Really? You’re telling a 41-year old person who is an executive in a major health care institution how to deal with her problem mobilizing parent volunteers? Are you supposing she’s never run into recalcitrant co-workers or subordinates, that she’s never had to use her cleverness to get people to follow her lead?

The internal discussions one has in the bathroom putting on make-up can be killers.

So, when was it that you organized parent volunteers, Jan? Well, never, actually. I tried to avoid anything beyond signing the paper that let my kids do stuff other people organized.

Okay, I thought to myself. So you not only have decided that you need to give this grown woman, your daughter, directions on how to get parents to volunteer, you also have never actually done it yourself. Am I getting this straight?

I dropped my mascara and went back to Facebook to delete my comment from her post. What a know-it-all I can be, I thought.

No, that’s not it. I’m her mother.

I have four kids. They are all adults. Still when they have problems or when I sense they have problems, I am all over it like a fucking machine. I’m like the ATM of problem-solving. It’s crazy.

When they were actual kids, I probably solved less than 50% of their problems. They grew to understand my essential powerlessness over their lives long before I did. This makes their tolerance of me and my inevitable list of solutions all the more amazing. They must really love me if they listen to all this stuff I tell them.

Lately, well, this morning, I have started a new approach. When my kids have problems, I’m going to ask myself this question: Is this my problem to solve?

No. It’s not. Stand down, Mama. Go read a book, knit yourself a sweater, solve homelessness.

Get over yourself.



9 Comments on “Stand Down, Mama

  1. thanks so much for this! I’m a single parent of one grown up daughter so this is me with bells on. And I used to be a careers adviser, so of course I know what people should do with their lives. I’d better go look for my puppy…..

  2. The chair of my dissertation committee was a women in her late 60’s, who had a Ph.D., was successful in her profession, had raised 11 children and was still wondering what she could do that was amazing enough to make her mother realize she was an adult.

  3. I moved a long way away from my kids, partly so that I wouldn’t try to run their lives. It’s soooo tempting, even though, like you, I solved less than 50% of their problems when I was entitled to try!

  4. This is a hard lesson for us Moms to learn. As our children maneuver their way to adulthood, we are there to push, to pull, to guide. Finding that delicate balance of knowing when to step back & let go takes us awhile to grasp!

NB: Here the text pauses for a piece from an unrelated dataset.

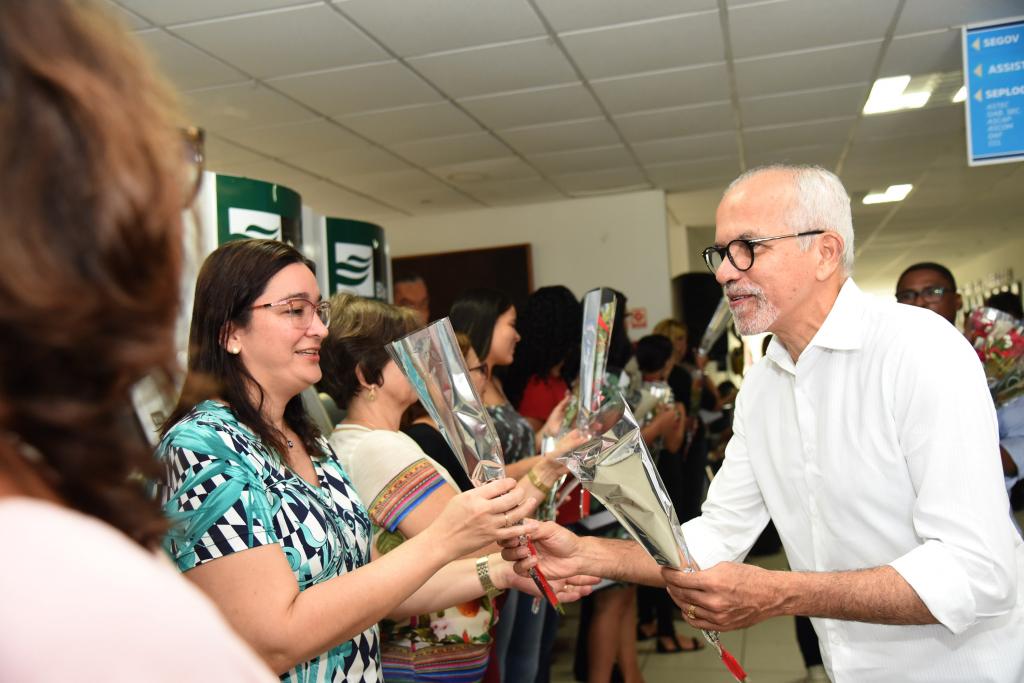 O prefeito Edvaldo Nogueira recebeu as servidoras da Prefeitura de Aracaju, na manhã desta sexta-feira, 8, com flores, na entrada da sede do Centro Administrativo. A homenagem, alusiva ao Dia Internacional da Mulher, comemorado na data, ocorre há três anos, como forma de reconhecer a importância, de cada uma, para a gestão municipal e, ao mesmo tempo, chamar a atenção para a luta pela igualdade.

  5. I think I’m going to send this to my mother 😉 I’m 37, I’ve lived in my own for 20 years and have a 16 year old son, 2 cats, and a lizard, all of whom I’ve managed to keep alive and healthy. Still, I can’t even LOOK tired without being given advice on stress and diet and chamomile tea. The funniest part is that I already have to talk myself down from doing the same thing to my kid. You’re just a mama bear, it’s instinctual to think you’ve got it all down pat 😉

    • But then there comes a time when all of a sudden it’s the kid who knows everything! I remember that with my dad -suddenly thinking as he got older and older that I knew exactly what he should do with his life. He quickly disabused me of that kind of thinking though. 🙂

  6. What a couple of my sisters call “not my puppy” . . . if it’s my puppy, I have to take care of it; if not, I don’t. Simple, isn’t it? I’m a problem-solver by nature, too, and if I lived near my sons, I suspect I’d be doing much the same. So it’s a good reminder just now to think about if it’s my puppy before I start taking care of it.